Przepis art. 471 k.c. stanowi, że dłużnik obowiązany jest do naprawienia szkody wynikłej z niewykonania lub nienależytego wykonania zobowiązania, chyba że niewykonanie lub nienależyte wykonanie jest następstwem okoliczności, za które dłużnik odpowiedzialności nie ponosi. Tak określona odpowiedzialność wchodzi w rachubę, jeżeli spełnione zostaną następujące przesłanki: powstanie szkoda, w znaczeniu uszczerbku majątkowego (art. 361 § 2 k.c.), wyrządzana wierzycielowi przez dłużnika, między tymi elementami istnieje związek przyczynowy i szkoda jest następstwem okoliczności, za które dłużnik ponosi odpowiedzialność. Na wierzycielu spoczywa obowiązek wykazania zobowiązania, a zatem powstania szkody i jej wysokości, a nadto istnienia związku przyczynowego między szkodą, a niewykonaniem zobowiązania. Dłużnik może w takiej sytuacji zwolnić się z obowiązku naprawienia szkody jeśli wykaże, że zobowiązanie wykonał.

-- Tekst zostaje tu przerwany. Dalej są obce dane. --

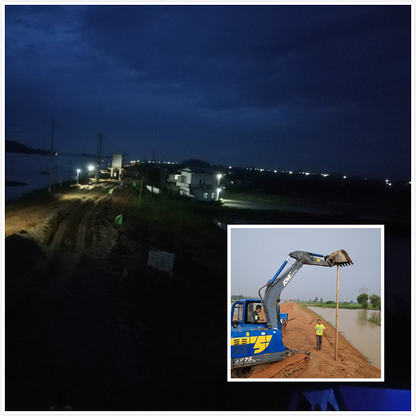 同时,刀口大圩沿线堤段经过区供电公司和太和镇供电所的共同努力,临时架线杆全部竖好,并完成通电照明工作。

Powód powinien wykazać , że doznał szkody w związku z niewykonaniem umowy z dnia 10 maja 2010 r. przez pozwanego, jej wysokości oraz ,że pomiędzy szkodą, a niewykonaniem umowy przez pozwanego istnieje związek przyczynowy. Pozwany zaś chcąc zwolnić się z obowiązku naprawienia szkody winien wykazać, że wykonał zobowiązanie, a więc wyprodukował kukurydzę o prawidłowych parametrach, ewentualnie że niewykonanie zobowiązania zostało spowodowane okolicznościami od niego niezależnymi. Szkodą w ścisłym tego słowa znaczeniu jest uszczerbek majątkowy, czyli zmniejszenie się majątku, wskutek pewnego zdarzenia. Uszczerbek majątkowy może polegać na zmniejszeniu się aktywów majątku poprzez ubytek, utratę, zniszczenie poszczególnych jego składników albo przez ich uszkodzenie lub obniżenie wartości; na zwiększeniu się pasywów; na udaremnieniu zwiększenia się majątku przez odpadnięcie korzyści, które poszkodowany mógłby osiągnąć, gdyby mu szkody nie wyrządzono. Z treści art. 361 § 2 k.c., wynika podział szkód na straty rzeczywiste i utracone korzyści. Naprawienie szkody mieszczącej się w granicach adekwatnego związku przyczynowego, według tego podziału następuje poprzez wyrównanie strat, które poszkodowany poniósł oraz korzyści, które osiągnąłby gdyby mu szkody nie wyrządzono.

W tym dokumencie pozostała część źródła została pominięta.